Voice recognition can identify and distinguish voices using automatic speech recognition (ASR) software programs. Some ASR programs require users first train the program to recognize their voice for a more accurate speech-to-text conversion. Voice recognition systems evaluate a voice's frequency, accent and flow of speech.

Although voice recognition and speech recognition are referred to interchangeably, they aren't the same, and a critical distinction must be made. Voice recognition identifies the speaker, whereas speech recognition evaluates what is said.

This article is part of

A guide to artificial intelligence in the enterprise

Download this entire guide for FREE now!

How does voice recognition work?

Voice recognition software on computers requires analog audio to be converted into digital signals, known as analog-to-digital (A/D) conversion. For a computer to decipher a signal, it must have a digital database of words or syllables as well as a quick process for comparing this data to signals. The speech patterns are stored on the hard drive and loaded into memory when the program is run. A comparator checks these stored patterns against the output of the A/D converter -- an action called pattern recognition.

A diagram showing how voice recognition works — Voice recognition converts analog audio to a digital signal, which is then interpreted by pattern recognition and voice recognition software.

In practice, the size of a voice recognition program's effective vocabulary is directly related to the RAM capacity of the computer in which it's installed. A voice recognition program runs many times faster if the entire vocabulary can be loaded into RAM compared to searching the hard drive for some of the matches. Processing speed is critical, as it affects how fast the computer can search the RAM for matches.

Audio also must be processed for clarity, so some devices may filter out background noise. In some voice recognition systems, certain frequencies in the audio are emphasized so the device can recognize a voice better.

Voice recognition systems analyze speech through one of two models: the hidden Markov model and neural networks.
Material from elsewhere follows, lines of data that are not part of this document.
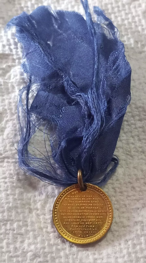 I picked this up thinking it was a Soley piece since it follows the 1879 pieces which have a very similar prayer style to the 1876 pieces, but this has a different style and even text! This one ends with "deliver us from the evil one" while the others end with "deliver us from evil. Amen".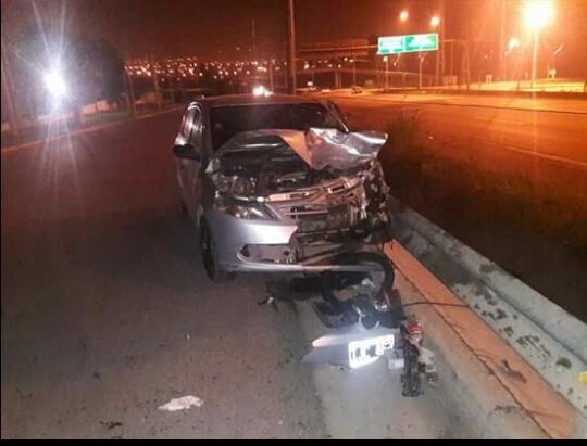 Una motocicleta en la que viajaban tres personas sin casco fue embestida por un automóvil en el Acceso Sur. El conductor de la moto falleció y sus dos acompañantes se encuentran internadas en grave estado.
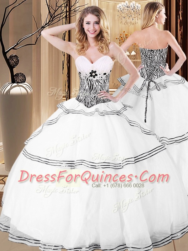 White Sleeveless Organza Lace Up 15 Quinceanera Dress for Military Ball and Sweet 16 and Quinceanera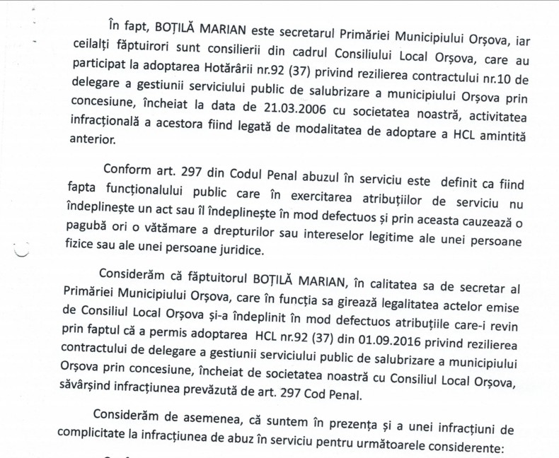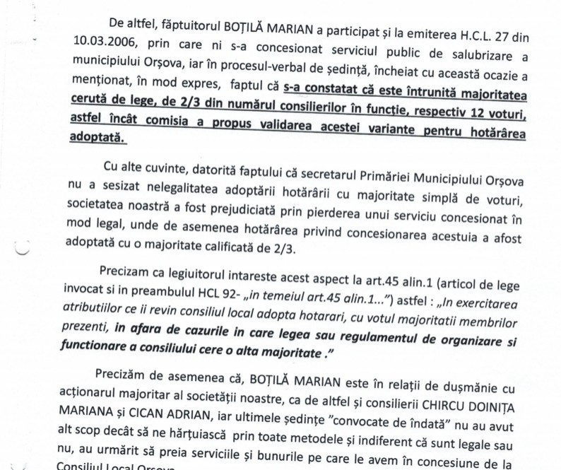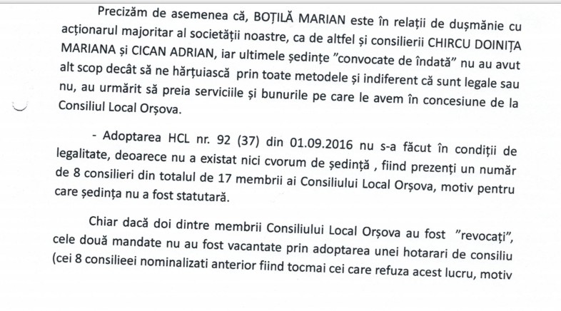 ,,Precizăm de asemenea că, Marian BoÅ£ilă este în relaÅ£ii de duÅŸmănie cu acÅ£ionarul majoritar al societăţii Floricola, ca de altfel ÅŸi consilierii DoiniÅ£a Chircu ÅŸi Adrian Cican, care la ultimele ÅŸedinÅ£e ,,convocate de îndată,, nu au avut alt scop decât să hărÅ£uiască societatea noastră prin toate metodele ÅŸi indiferent că sunt legale sau nu, au urmărit să preia serviciile ÅŸi bunurile pe care le avem în concesiune de la Consiliul Local OrÅŸova. Adoptarea HCL nr. 92 de reziliere a contractului de salubritate nu s-a făcut în condiÅ£ii de legalitate, deoarece nu a existat cvorum de ÅŸedinţă, fiind prezenÅ£i un număr de 8 consilieri din totalul de 17 membrii, motiv pentru care ÅŸedinÅ£a nu a fost statutară. Chiar dacă doi dintre membrii CL OrÅŸova au fost ,,revocaÅ£i,, cele două mandate nu au fost vacantate prin adoptarea unei hotărâri de consiliu. Cei opt consilieri Adrian Cican, Mihai Mircea Brâncoveanu, LaurenÅ£iu Drăghicescu, Vasile Nichescu, DoiniÅ£a Chircu, Camelia Ianculovici, Aurelia Oprea ÅŸi Viorica Sănătescu sunt cei care refuză acest lucru. AÅŸadar, pentru a putea fi desfăşurată în condiÅ£ii de cvorum ÅŸedinÅ£a Consiliului Local OrÅŸova are nevoie de 9 membrii prezenÅ£i, iar pentru a se adopta Hotărârea nr. 92 la care facem referire, era nevoie de cel puÅ£in 12 voturi. Un alt motiv de nelegalitate pe care făptuitorul l-a cunoscut este faptul că ÅŸi în situaÅ£ia în care hotărârea era adoptată cu votul a 2/3 din numărul membrilor prezenÅ£i, aceasta nu putea produce alte efecte decât mandatarea primarului în scopul de a se adresa instanÅ£ei de judecată ÅŸi în niciun caz încetarea activităţii noastre efectivă la data de 5.10.2016,, se mai arată în plângerea depusă.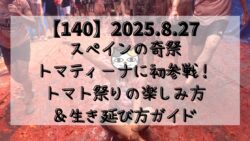 スペイン(イギリス) 【140】スペインの奇祭トマティーナに初参戦!トマト祭りの楽しみ方&生き延び方ガイド(2025.8.27) スペイン・バレンシア郊外ブニョールで開催される奇祭「トマト祭り(ラ・トマティーナ)」に初参加。全身トマトまみれのカオス体験から準備のコツ、持ち物、帰り道の様子まで徹底レポート! 2025.09.12 スペイン(イギリス)ヨーロッパ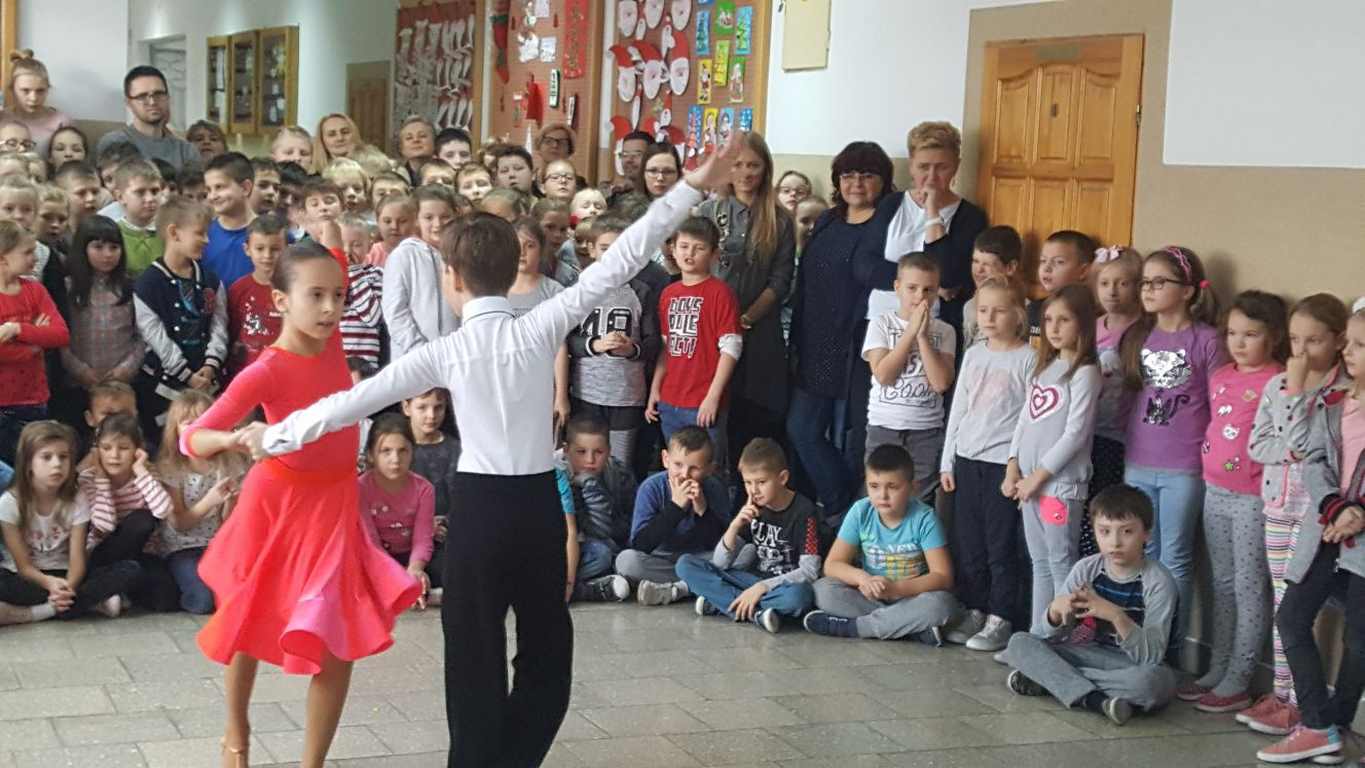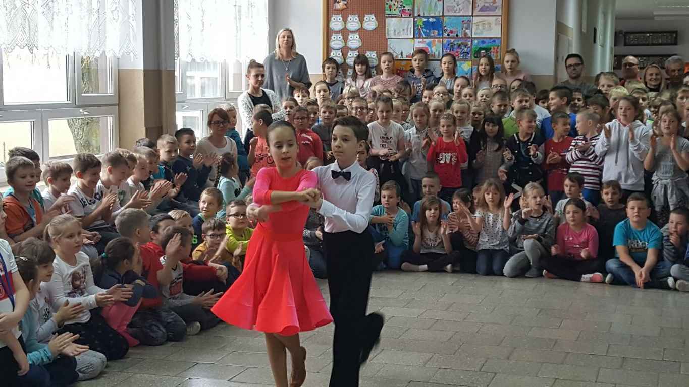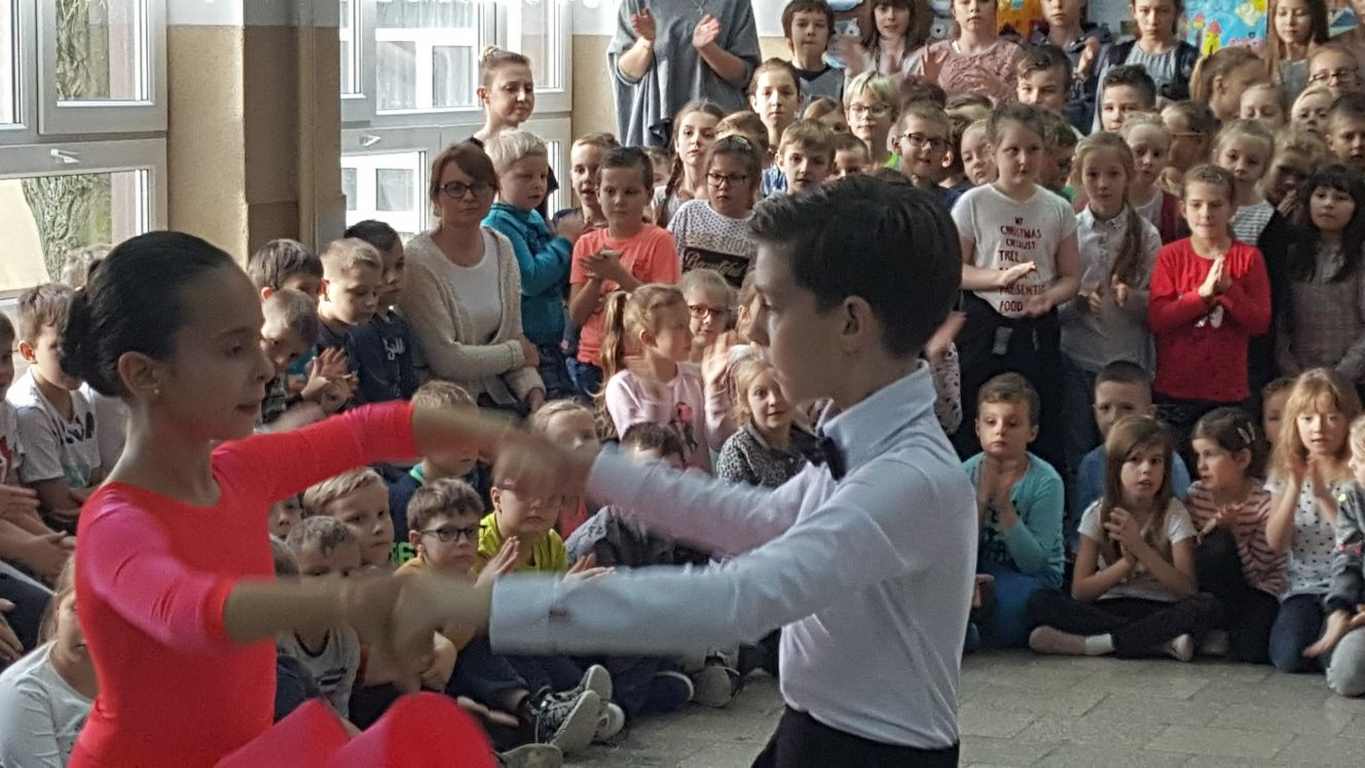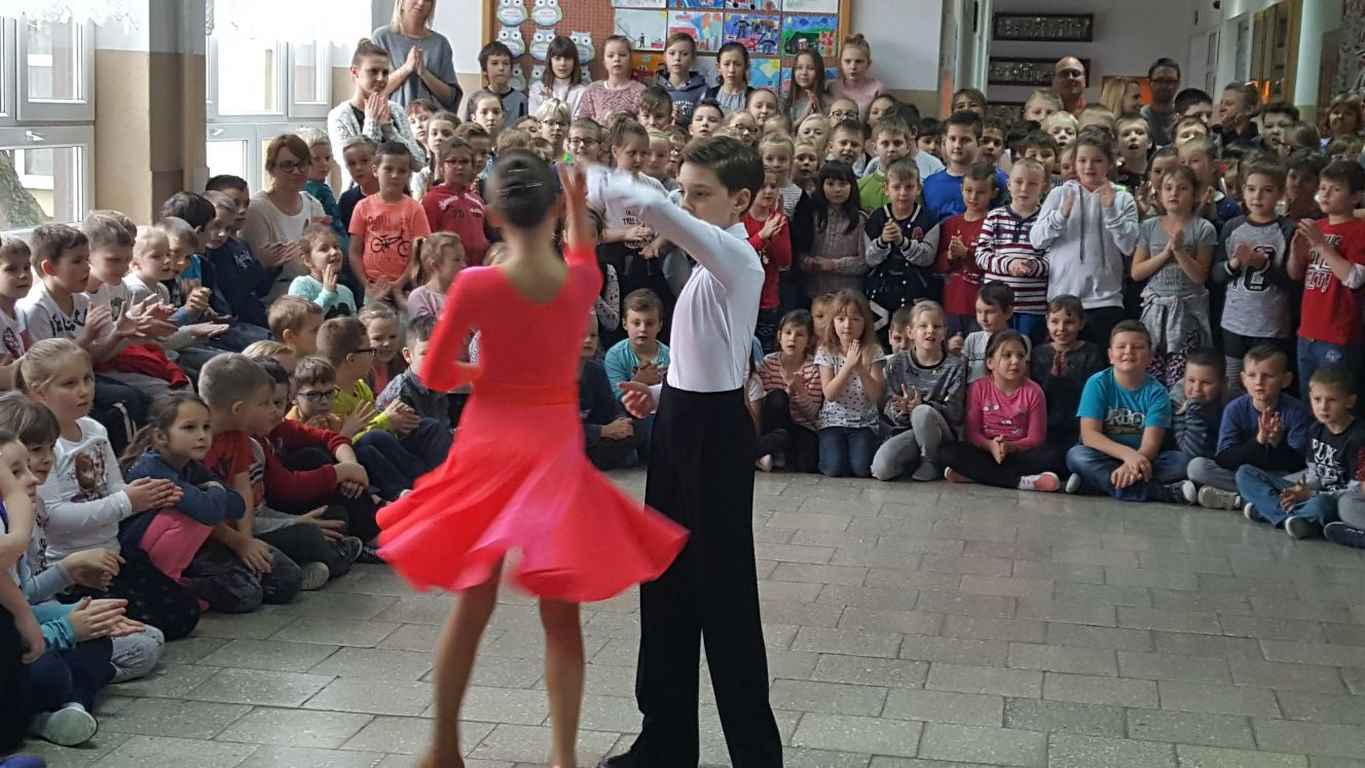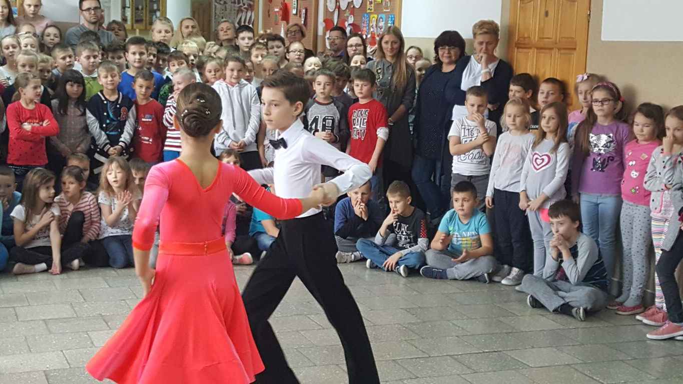 13 grudnia 2017 r. Joachim Pokorski z klasy V b razem ze swoją koleżanką Kornelią Hinca z Akademii Tańca Smooth w Gdańsku zatańczyli sześć tańców towarzyskich. Pokaz wywołał wiele pozytywnych emocji wśród rówieśników. Koledzy, koleżanki z podziwem obserwowali tańce standardowe, latynoamerykańskie wykonaniu Joachima i Kornelii. Serdecznie dziękujemy rodzicom tej pary za możliwość zobaczenia walca angielskiego, tanga, samby, czaczy, rumby i dżajfa. Mamy nadzieję, że to nie jest ostatni taki pokaz w naszej szkole.

The hidden Markov model breaks down spoken words into their phonemes, while recurrent neural networks use the output from previous steps to influence the input to the current step.

As uses for voice recognition technology grow and more users interact with it, the organizations implementing voice recognition software will have more data and information to feed into neural networks for voice recognition systems. This improves the capabilities and accuracy of voice recognition products.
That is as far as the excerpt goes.